Chavez and Clark had yet to see Hosni Rokki, but the odds looked good that he was, in fact, here. This was the address Ryan passed on from French internal security, and they had noticed a few young toughs milling around outside the apartment building like a security cordon, perhaps URC men but more likely a local gang hired by the target to act as a trip wire, should any police or other forces come snooping around.
And earlier in the evening, just after dark, Chavez had flipped his hoodie up over his short, dark hair, climbed out of the minivan, and performed a half-hour of foot reconnaissance. He’d made a wide, arcing circle of the apartment building, and strolled through a few parking lots, a playground that looked like it was used these days primarily by glue-sniffers and heroin users, and through the ground level of a four-story parking garage. He then made his way back to the black Ford Galaxy.
Immediately after Chavez climbed in, Clark had asked, “What’s the word?”
“Same three or four guys downstairs at the back of the building. Four guys at the front entrance, too.”
“Anything else?”
“Yep. We aren’t the only ones interested in that apartment.”
“No?”
“Beige Citroën four-door. This side of the road, in the parking lot on the other side of that building there on the left. Male driver. Female passenger. Both black, in their thirties.”
“Surveillance,” Clark said. Chavez wouldn’t have mentioned them if they weren’t.
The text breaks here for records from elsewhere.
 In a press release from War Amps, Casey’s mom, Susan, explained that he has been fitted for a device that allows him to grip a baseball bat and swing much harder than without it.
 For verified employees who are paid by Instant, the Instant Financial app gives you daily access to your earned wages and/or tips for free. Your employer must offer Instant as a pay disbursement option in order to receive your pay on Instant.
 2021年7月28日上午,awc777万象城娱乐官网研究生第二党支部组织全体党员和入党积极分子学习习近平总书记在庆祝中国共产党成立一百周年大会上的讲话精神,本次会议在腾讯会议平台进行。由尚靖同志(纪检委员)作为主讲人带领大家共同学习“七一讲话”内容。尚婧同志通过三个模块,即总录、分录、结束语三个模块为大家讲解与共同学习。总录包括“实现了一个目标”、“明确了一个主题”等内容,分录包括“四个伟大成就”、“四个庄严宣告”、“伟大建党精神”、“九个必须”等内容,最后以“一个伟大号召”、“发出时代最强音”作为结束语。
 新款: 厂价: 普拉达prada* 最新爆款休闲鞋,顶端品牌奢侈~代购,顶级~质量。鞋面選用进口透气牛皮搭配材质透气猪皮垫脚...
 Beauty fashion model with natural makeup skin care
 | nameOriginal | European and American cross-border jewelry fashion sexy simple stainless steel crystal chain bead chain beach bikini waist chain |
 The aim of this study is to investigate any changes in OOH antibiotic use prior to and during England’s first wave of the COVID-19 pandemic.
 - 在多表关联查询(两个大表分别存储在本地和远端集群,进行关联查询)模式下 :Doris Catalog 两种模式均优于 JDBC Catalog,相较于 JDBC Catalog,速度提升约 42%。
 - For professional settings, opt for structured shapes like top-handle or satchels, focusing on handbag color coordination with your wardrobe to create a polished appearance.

“Yeah. They were subtle enough, but they have line of sight on Rokki’s place, and we’ve got eyes on the entrance to that parking lot and didn’t see the car arrive, which means they’ve been there since before we got here. So, yeah, they are definitely watchers. Who do you think they are?”
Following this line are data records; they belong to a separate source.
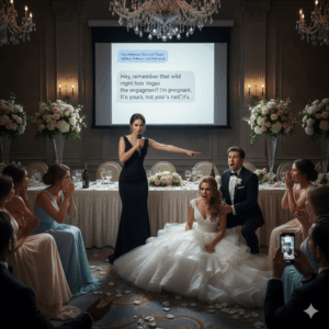I. The Cake Crash The knife was cold in my hand, the silver handle slippery against my palm. The ballroom lights glittered off…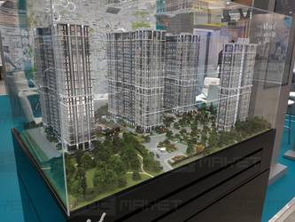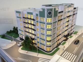 В конструкции основания макета предусмотрены выдвижение модули с планировками квартир в м 1:30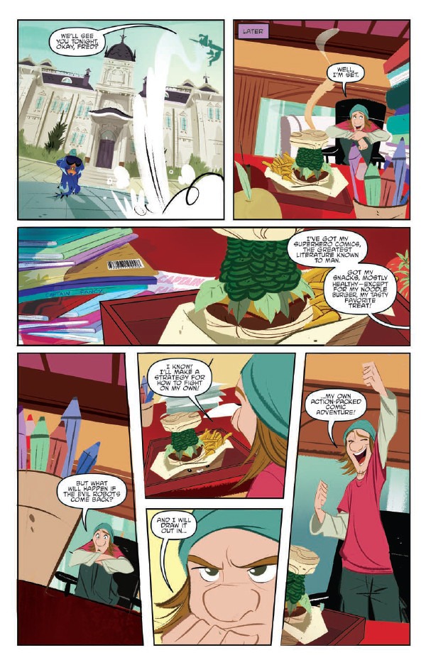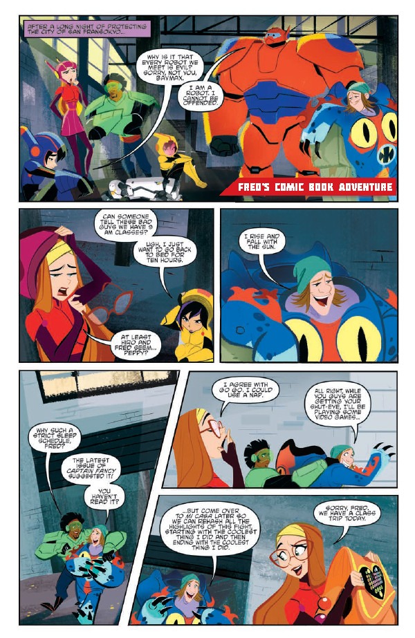 Based on the hit Disney Channel series! Hiro, Honey Lemon, Wasabi and Go Go are all off on a class trip for the day-leaving Fred at home to defend San Fransokyo! He’d better come up with a strategy, just in case-and what better way to do that than by writing his very own Big Hero 6 comic book!

“DCRI would be my first guess. If I’m right about that, then there will be more cars around here; they probably have a surveillance box set up, but I doubt we’re inside it. They are probably closer than we are because they won’t all need to have eyes on the target. They would just tuck into the parking lots and stay in comms with each other. I’m glad the French are watching these guys, but I sure as hell wish they had some stronger measures on their plate. It would be nice for them to pick Rokki up, give him a shake, and see what falls out.”
“Keep dreaming, John. Not the French. The CIA used to do a little of that, before Kealty put the kibosh on offending terrorists.”
“Heads up, Ding,” John said suddenly. A pair of young toughs walked by on the left from behind. Both men slowed and looked into the van. John and Ding were somewhat concealed behind the heavy tint, but they were by no means invisible. Clark stared back at the two young African immigrants for a long moment.
Then the men walked on.
Clark’s steely-eyed gaze had won the encounter, but they were prepared if they had to actually talk to the locals. The two American spies never worked any operation without a plausible cover for action, a reason to be in a location other than the actual motive. Both men had worked under so many covers over the years, oftentimes preparing themselves on the fly, that they possessed the abilities of well-trained actors.